■ TASK ITEM
A faithful copy is required: transcribe each line below exactly, minus the pictures.

-------- DATASET EXTRACT --------

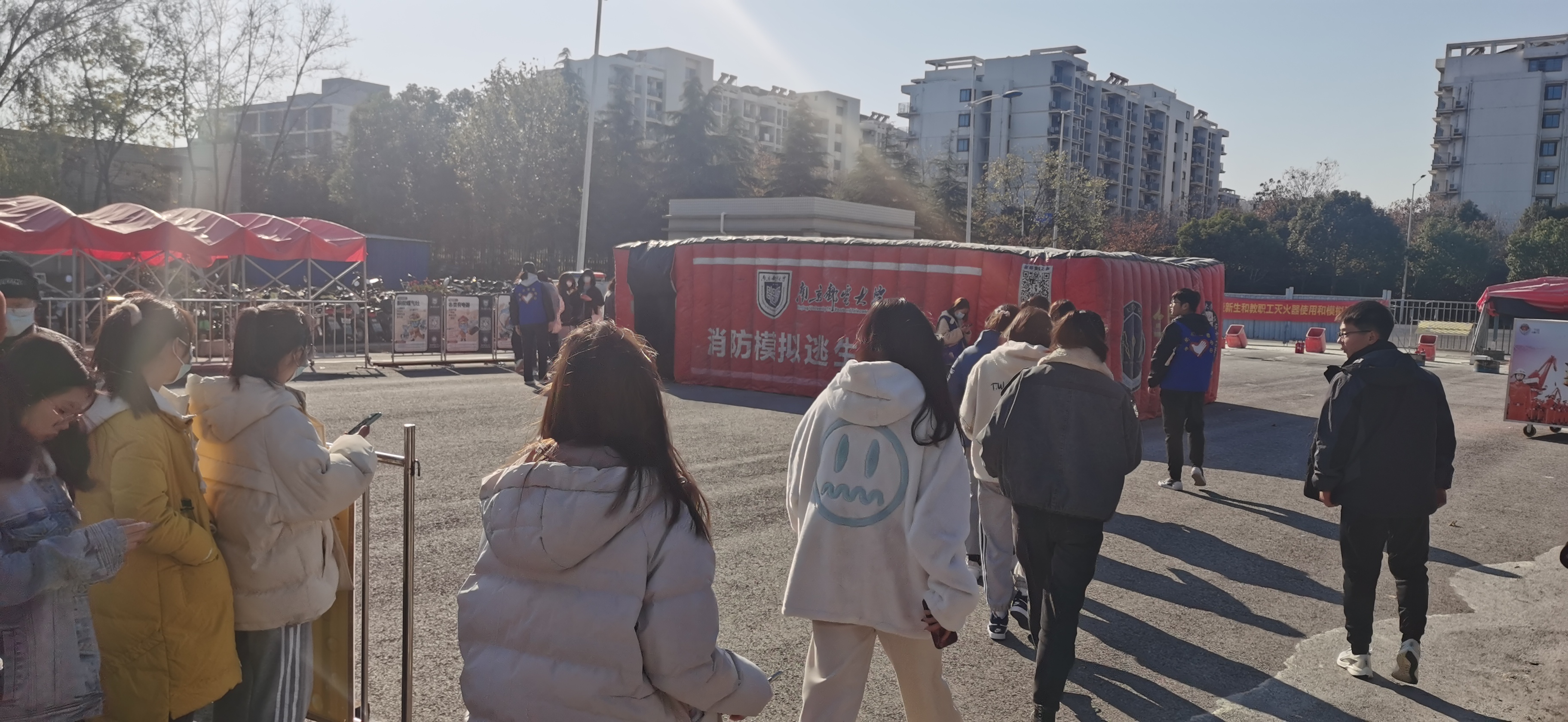 演练由安全员引导同学们进入消防模拟逃生体验屋进行逃生演练开场。随后,张凯老师深入浅出地向大家讲解了火灾后如何逃生自救、如何扑救初级火灾等相关知识。张老师还现场演示正确使用灭火器的步骤和灭火姿势以及逃生的方法,并指导在场师生实操灭火器。
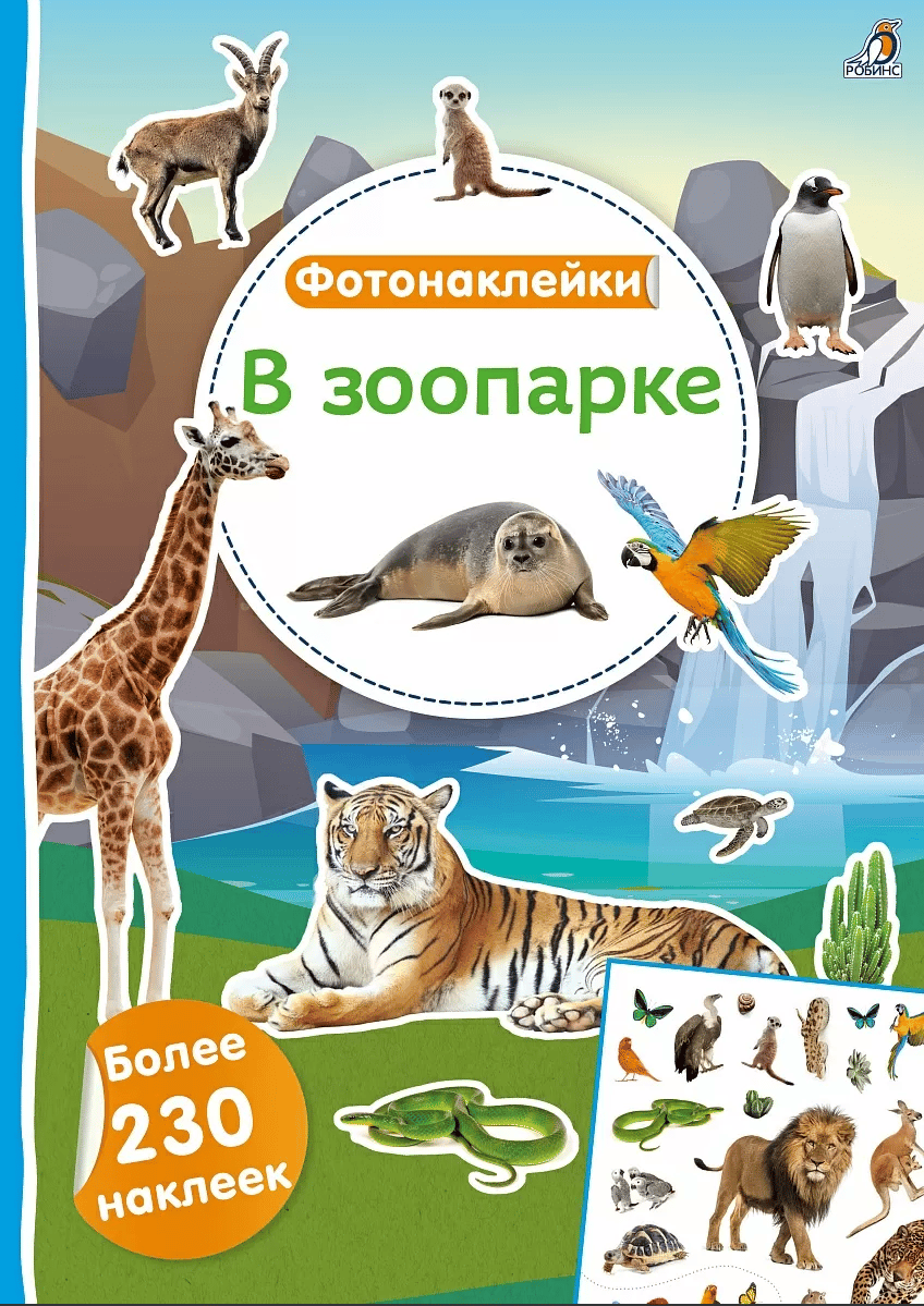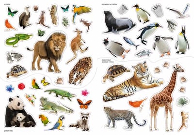 It contains over 230 photo stickers with realistic images of animals that live in the zoo: monkeys, tigers, giraffes, seals, penguins, parrots, fish, etc.
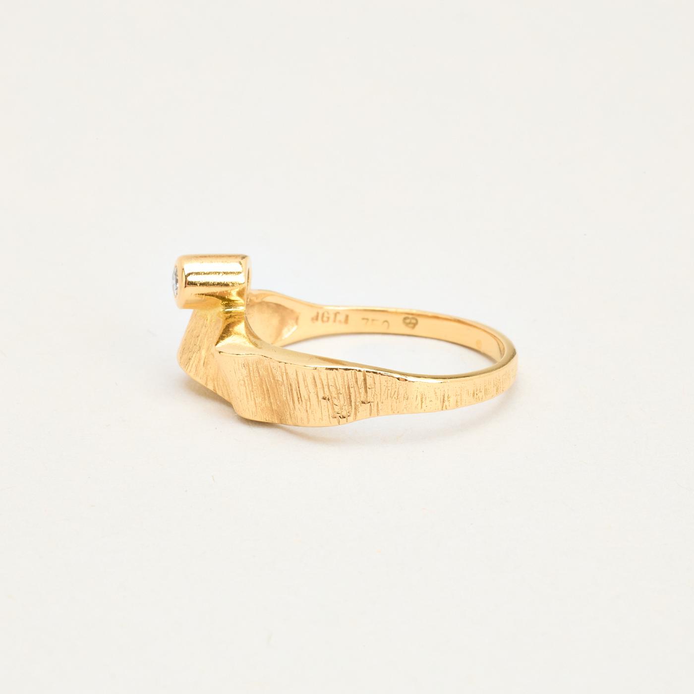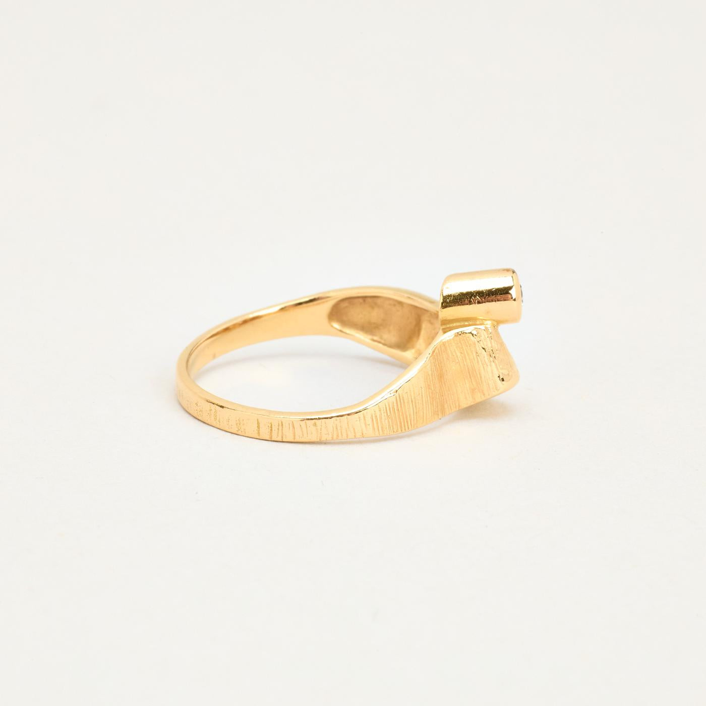 Organisk Statement ring i 18K guld med en diamant (0,05 ct), Str. 54

--------

■ REPLY TO THE TASK
 演练由安全员引导同学们进入消防模拟逃生体验屋进行逃生演练开场。随后,张凯老师深入浅出地向大家讲解了火灾后如何逃生自救、如何扑救初级火灾等相关知识。张老师还现场演示正确使用灭火器的步骤和灭火姿势以及逃生的方法,并指导在场师生实操灭火器。
 It contains over 230 photo stickers with realistic images of animals that live in the zoo: monkeys, tigers, giraffes, seals, penguins, parrots, fish, etc.
 Organisk Statement ring i 18K guld med en diamant (0,05 ct), Str. 54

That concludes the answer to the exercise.